What should surprise many readers is learning that Brian Wilson was indeed a creative genius who led the group from 1961 to 1966, but the Beach Boys were a band in every sense of the word. For one example, one important corrective in the book is the fact the group played their own instruments on most of the early recordings and not session musicians. For the most part, the “Wrecking Crew” and other studio players came along after 1966. The early distinctive guitar lines came from David Marx before fights with Murray Wilson lead to his departure—and the band was never the same. Mike Love gets his due as lyricist and front-man. Carl and Dennis Wilson are credited for their vocals as well as their songwriting, especially in the years when Brian was out of the loop. Even Murray Wilson, rightfully vilified for his abusive parenting, gets credit for being the engine that put his sons on the musical map.
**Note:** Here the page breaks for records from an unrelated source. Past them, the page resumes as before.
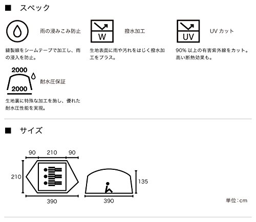 素材:フライ/75Dポリエステルタフタ、インナー/68Dポリエステルタフタ、フロア/210Dポリエステルオックス、ポール/アルミ合金・FRP
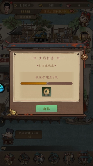 完成主线任务不仅能解锁更多功能,还可直接获得铜钱奖励和资源支持。
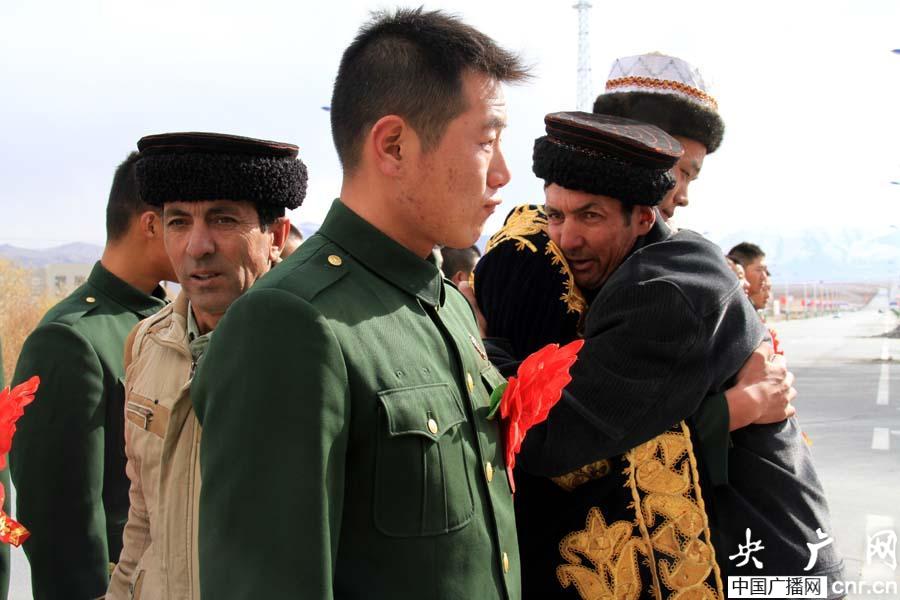 駐地塔吉克族農牧民群眾與退伍老擁抱告別(央廣網記者 張雷 攝)
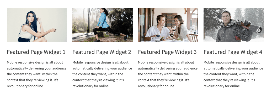 This CSS enables you to display 4 featured page widgets, added to 1 widget area, in a grid.

It’s the wide range of the personalities involved and their relationships that provides much of the complexity to the story. Add to that just how long the Beach Boys have been around and how much they have changed. In the 1960s, they were singing about the joys of fuel-injected, gas-guzzling hot rods—in the 1970s, they were advocates for the environment. During the ‘60s, Brian was a pioneer and innovator steering the ship. Then, the band became a democratic entity that fell into a cycle of flops and successes, looking to their old hits for revenue while trying new creative directions that often fell flat with the fans.
During this history,
Stebbins does answer many frequently asked questions. He has sections
on who sang lead on what songs, what instruments were played by whom,
and who were the girls who served as muses. He discusses all the
players who were quasi-Beach Boys on and off-stage. Clearly, he feels
the Beach Boys were finished by 1985, a band without Dennis and Carl.
Stebbins is credible and authoritative, but he makes no claims to
objectivity. He’s a passionate fan describing much of the music,
but he also cringes when talking about projects gone awry, trying to
analyze the tortured mind of Brian, and admits the personality of
Mike Love can grate on the nerves.
Because of Stebbins’s
emphasis on the band’s evolution until the mid-1980s, some
latter-day Boys events are missed in his often exhaustive, annotated
lists. For example, he has a detailed section on Beach Boys concerts
and TV appearances, but missed the October 1982 use of concert
footage in William Shatner’s T. J. Hooker. He doesn’t mention the
criminally-overlooked 1985 “Getcha Back,” the 1991 “Crocodile
Rock” remake for an Elton John tribute, or the 1986
“California Dreamin’” with Roger McGuinn on 12-string guitar
and John Phillips on sax. When covering the “reunions” of the
past decade, he left out “Don’t Fight the Sea,” a track from Al
Jardine’s solo 2010 Postcards from California. It included vocals
from all the Wilsons, Mike Love, Bruce Johnson, and Jardine himself,
making the song more of a full Beach Boys performance than many an
official Beach Boys release.
Then again, covering every nook and cranny of the Beach Boys saga would require an encyclopedia. The essentials are all in FAQ making it an indispensible part of any rock library. Again, the correctives to the group’s legacy alone are worth the price of admission, providing a balance that is often missed when writers focus on Brian as if the others were merely supporting players. You can’t have exquisite harmonies or the most famous family feud in rock without a wider cast of characters.